Baked Sole Fillets with Herbs and Bread Crumbs
Serves: 6 Servings
- 2-3 Tablespoons parsley minced
- 2-3 Tablespoons chives minced
- 1 teaspoon lemon zest finely grated
- 5 Tablespoons butter
- salt, pepper
- ⅔ cup panko bread crumbs
- 6 (about 6 oz each) sole fillets or you can use flounder
- 1 Tablespoon Dijon mustard
- 1-2 garlic cloves minced
- Preheat the oven to 325 degrees. Melt the butter in a skillet and cook the minced garlic on medium heat for about 30 seconds. Take the garlic butter off the heat. Pour all but 1 Tablespoon of the butter in a small bowl and set aside.
- Wipe the skillet with a paper towel and put the 1 Tablespoon of butter back in the skillet. Add the panko bread crumbs. Cook over medium heat, stirring frequently, until the crumbs are golden. Add ½ - 1 Tablespoon of minced herbs to the breadcrumbs. Set aside.
- Mix the rest of the minced herbs with the lemon zest.
- Pat the fish dry with paper towels. Season each side with salt and pepper. Lay the fish with the narrow end pointed away from you.Spread a thin layer of mustard on each fillet. Sprinkle with the minced herbs and lemon zest. Drizzle about a teaspoon of the garlic butter over each of the fillets.

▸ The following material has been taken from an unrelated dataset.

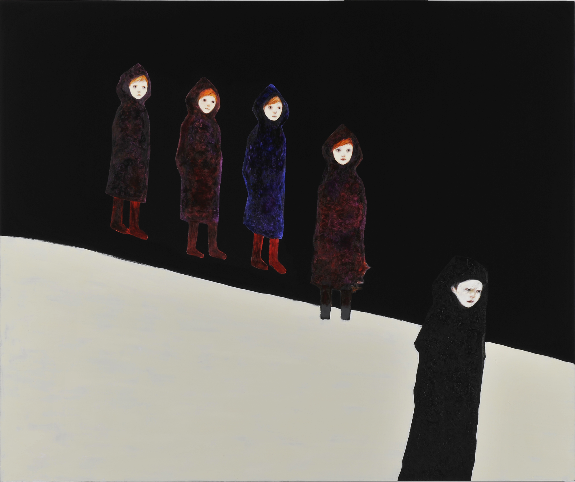 ‘By getting rid of the background, the viewers can focus on the person in the centre of the image.’ These heroines, though figurative, thus find themselves plunged into an abstract world tinged with mystery. Black becomes a character in itself, and participates in the narrative. ‘I think that using the colour black is a form of freedom, because it could transform into anything.’ These are waking dreams, but which remain very much nocturnal. ‘Many of my pieces depict the night. The darkness of the night is also the darkness that makes people feel uncomfortable.’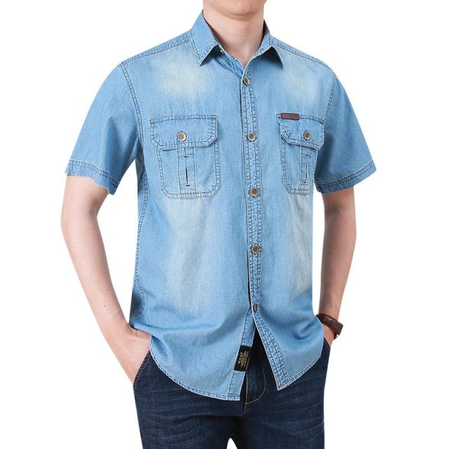 高品質加工 デニムシャツ メンズ カジュアルシャツ 半袖 七分袖 5分袖 無地 通学 通勤 トップス ダンガリー ウエスタン ウエスタンシャツ 開襟 メンズファッション 男性用 20代 30代 40代 50代 ビジネスシャツ 大きいサイズ ダメージ スリム ストレッチ ゆったり インディゴ ジージャン 紳士服

- Roll up the fillets tightly, starting with the widest side. Place seam side down on a baking dish and drizzle the rest of the butter over the fish bundles.
- Cover with aluminum foil and bake until the center of the fish is 135 degrees. When the fish is 135 degrees in the center, (you'll need to cook it for 15-25 minutes, depending on how thick the fish is) sprinkle half the breadcrumb mixture over the fish and cook for 5 more minutes, uncovered. Sprinkle with the remaining breadcrumbs right before serving.